Yet roughly half of the women who are struggling with their mental health after pregnancy don’t receive treatment. Barriers to care include a lack of awareness about symptoms and treatments, an inability to access resources and stigma.
Postpartum depression has historically been underdiagnosed and underresearched, but recognition of the condition is finally growing. As a result, there are more treatment options available than ever, including innovative therapeutic models and at least one new medication.
Many women experience mood swings in the days and weeks following birth because of dramatic hormonal shifts. Sometimes called the “baby blues,” symptoms include feelings of sadness, anxiety, tearfulness or overwhelm; they typically subside within a week or two.

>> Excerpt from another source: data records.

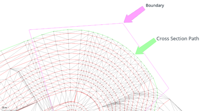 The following image shows the selected Boundary (1) and Cross-section path (2) to be used for a report.
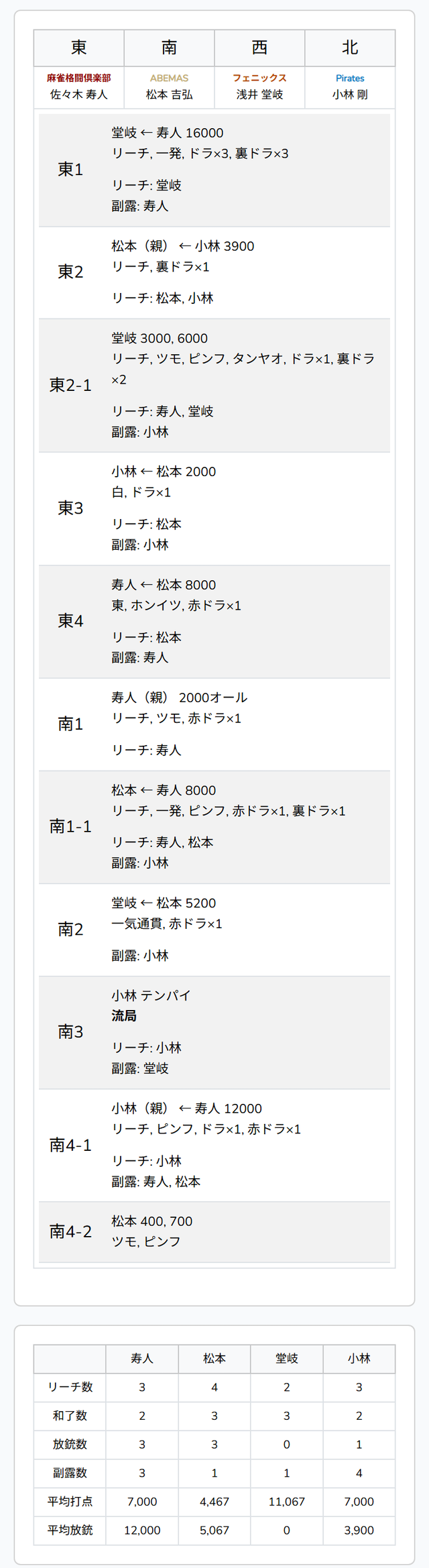 待ちをダマテンに構える。直後、寿人も三副露めを入れてテンパイ。さらに、堂岐が門前でテンパイを果たし、先制リーチ。寿人が一発でつかみ、堂岐が牌を倒すと、裏ドラが合計3枚乗って合計6枚に。16000点のアガリとなった。
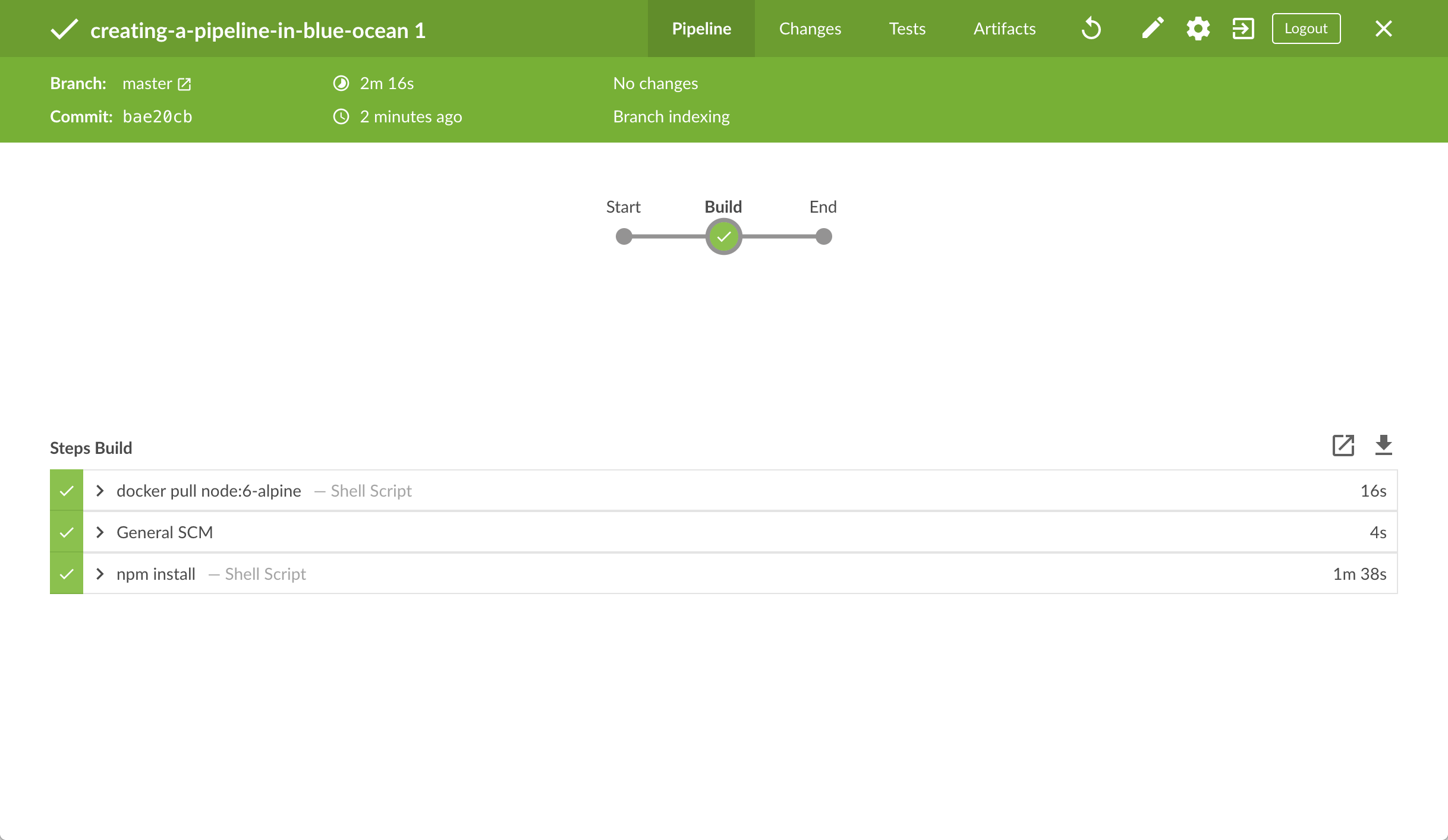 Well done! You’ve used the Blue Ocean feature of Jenkins to build a simple Node.js and React application with npm.
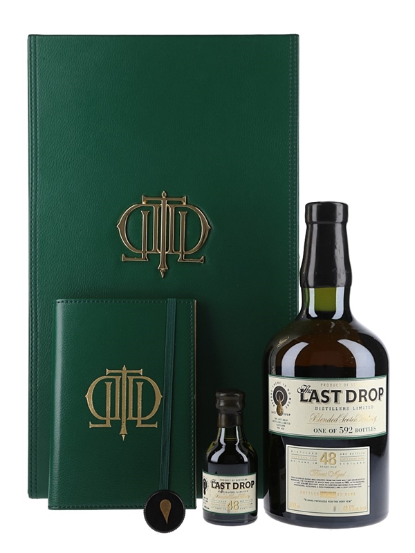 A bottle of 48 Year Old blended Scotch whisky from The Last Drop Distillers Limited. This is a blend of malt and grain whiskies, the youngest of which was distilled in 1965. For the last 27 years of maturation, the whisky was matured in ex-bourbon casks before bottling at cask strength on 10 September 2014.
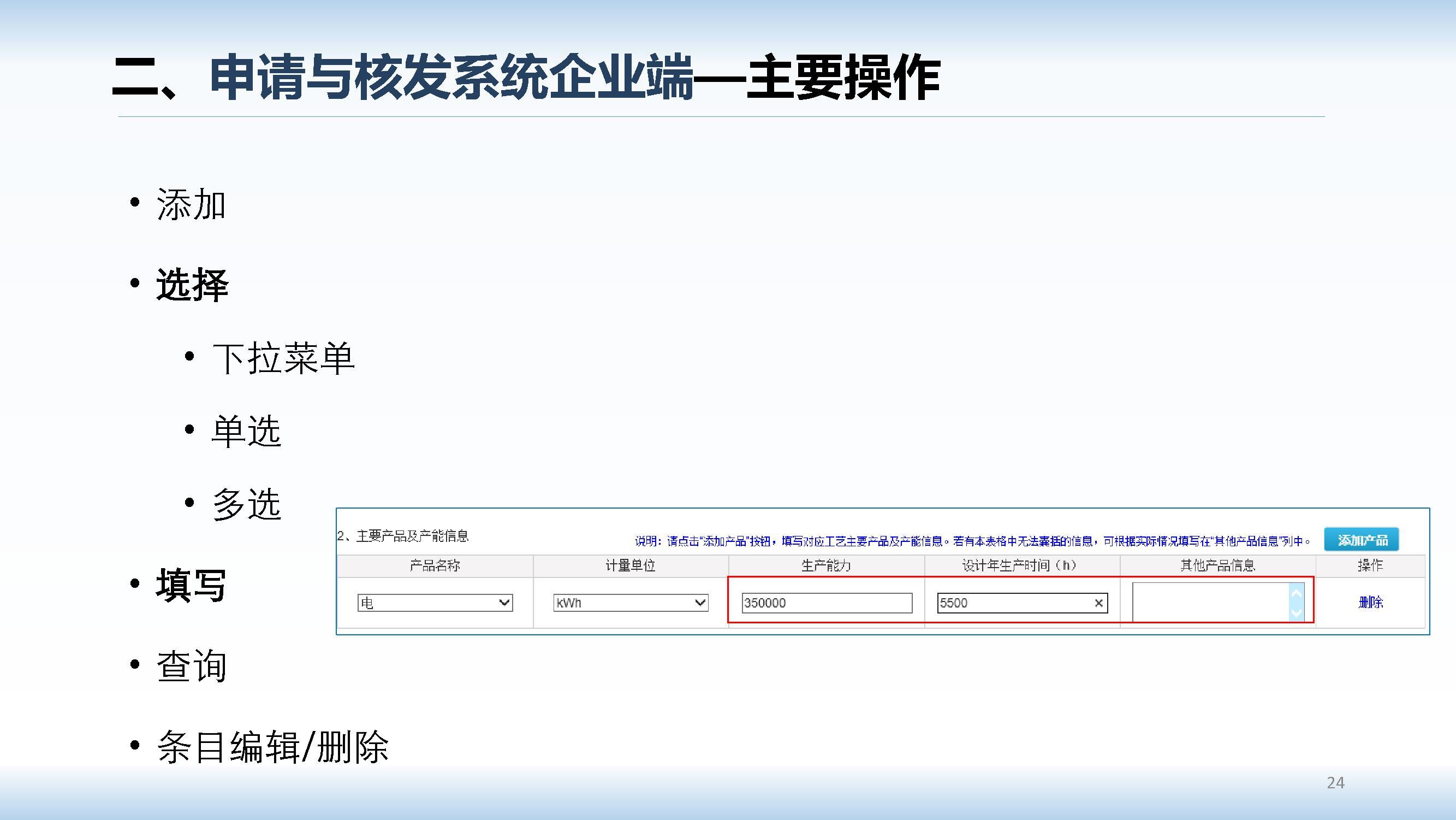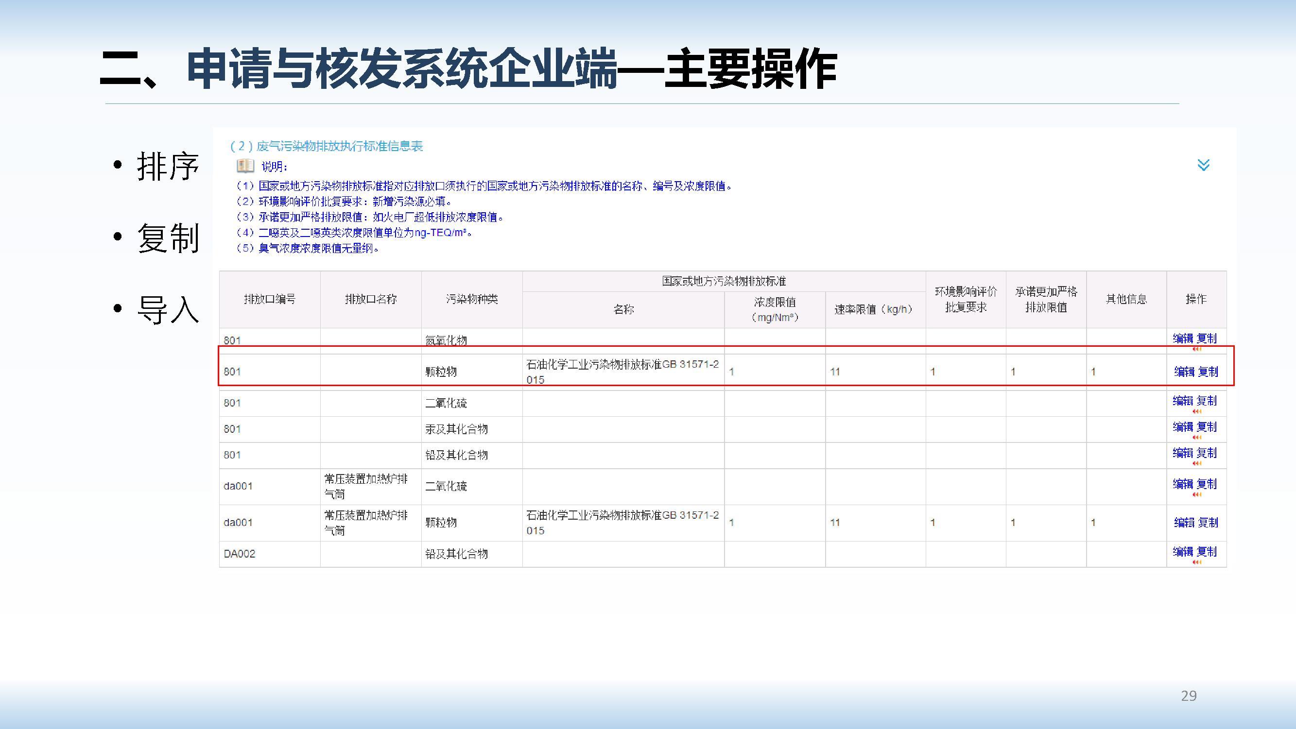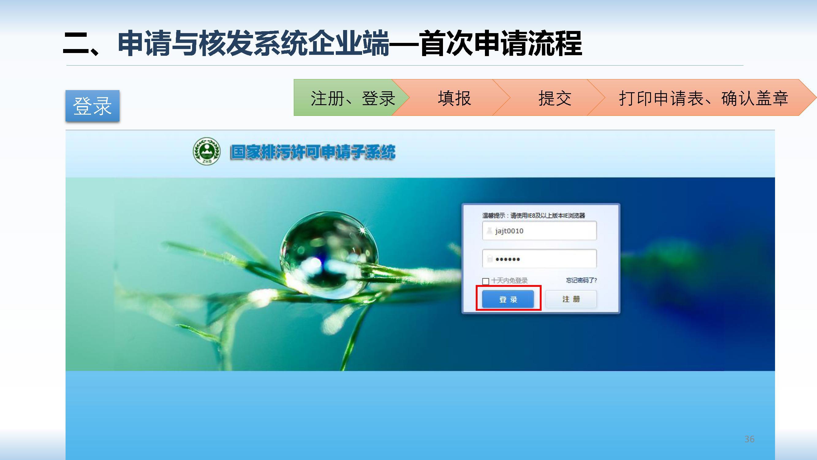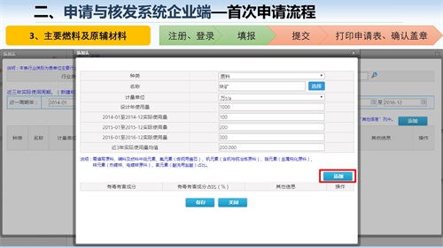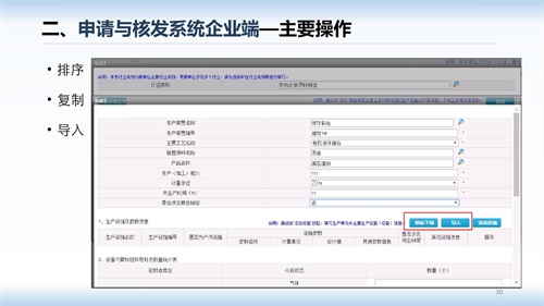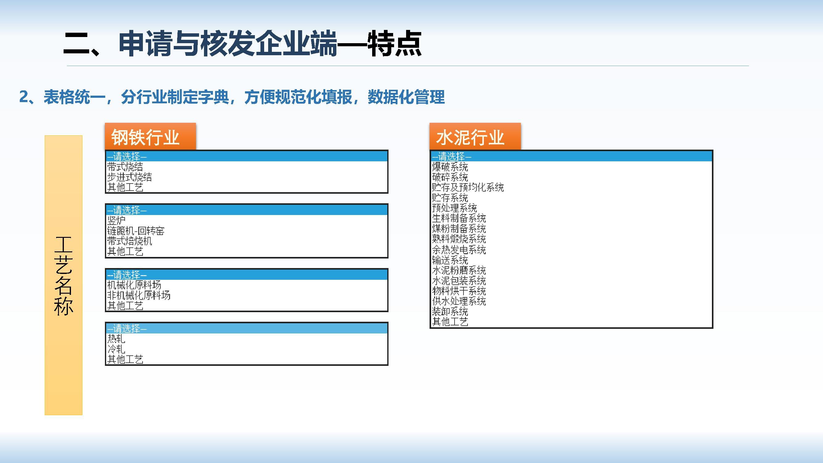 其次,介绍了企业端的一些特点。包括企业端的基本操作、申请流程等。考虑到企业大多数均是首次在全国排污许可证管理系统中申请,所以多数申请为首次申请。 填报包括排污单位基本情况、主要产品及产能、排污节点集污染治理设施、排放口等等十几项子填报项目。

New mothers “feel like they’re on a hormonal ride because they are,” said Dr. Samantha Meltzer-Brody, chair of the psychiatry department at the University of North Carolina at Chapel Hill, who helped
found the university’s perinatal psychiatry inpatient unit — the first in the country.
“That happens to every single person that gives birth, and that’s considered a normal part of the transition from pregnancy to the postpartum period.”
Postpartum depression is different. It is defined as a major depressive episode that lasts at least two weeks and starts during the year after birth, usually emerging in the first few weeks.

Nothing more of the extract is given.